EXERCISE:
Retype the lines below exactly, but only those from the line that has "Pendientes Gotland Copo" through the line that has "This paper establishes". Omit every picture.

DATA PROVIDED:
= = = =

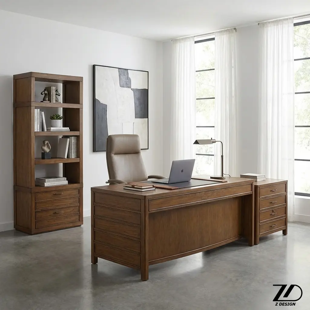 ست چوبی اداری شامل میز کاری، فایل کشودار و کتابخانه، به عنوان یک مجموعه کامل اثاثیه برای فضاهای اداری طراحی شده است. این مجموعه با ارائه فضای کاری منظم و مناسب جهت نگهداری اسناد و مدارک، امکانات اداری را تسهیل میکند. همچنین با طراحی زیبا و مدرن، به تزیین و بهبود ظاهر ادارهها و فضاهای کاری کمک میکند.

= = = =

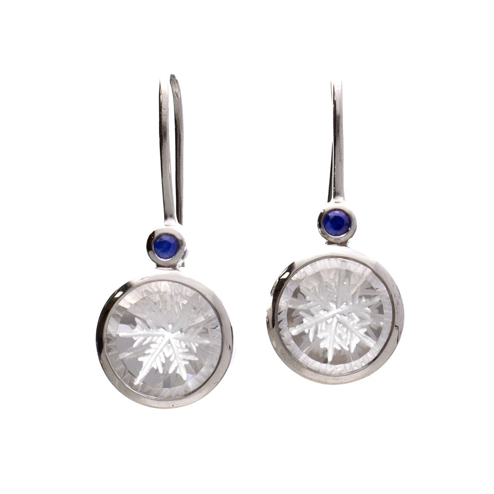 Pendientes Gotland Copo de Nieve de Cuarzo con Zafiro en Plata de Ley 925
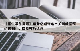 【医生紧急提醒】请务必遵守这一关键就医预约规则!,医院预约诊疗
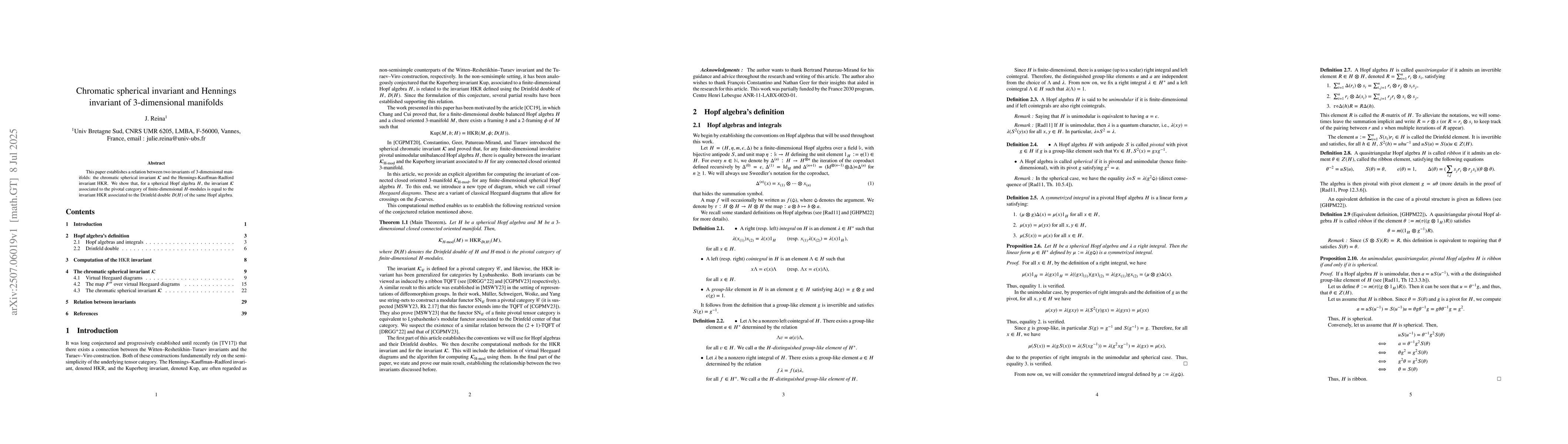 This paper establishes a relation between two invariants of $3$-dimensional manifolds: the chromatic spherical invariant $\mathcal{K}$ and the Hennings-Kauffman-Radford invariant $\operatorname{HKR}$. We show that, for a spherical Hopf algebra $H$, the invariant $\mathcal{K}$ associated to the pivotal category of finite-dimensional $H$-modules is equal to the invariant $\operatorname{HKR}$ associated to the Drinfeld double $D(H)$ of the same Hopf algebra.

= = = =

REPLY TO THE TASK:
 Pendientes Gotland Copo de Nieve de Cuarzo con Zafiro en Plata de Ley 925
 【医生紧急提醒】请务必遵守这一关键就医预约规则!,医院预约诊疗
 This paper establishes a relation between two invariants of $3$-dimensional manifolds: the chromatic spherical invariant $\mathcal{K}$ and the Hennings-Kauffman-Radford invariant $\operatorname{HKR}$. We show that, for a spherical Hopf algebra $H$, the invariant $\mathcal{K}$ associated to the pivotal category of finite-dimensional $H$-modules is equal to the invariant $\operatorname{HKR}$ associated to the Drinfeld double $D(H)$ of the same Hopf algebra.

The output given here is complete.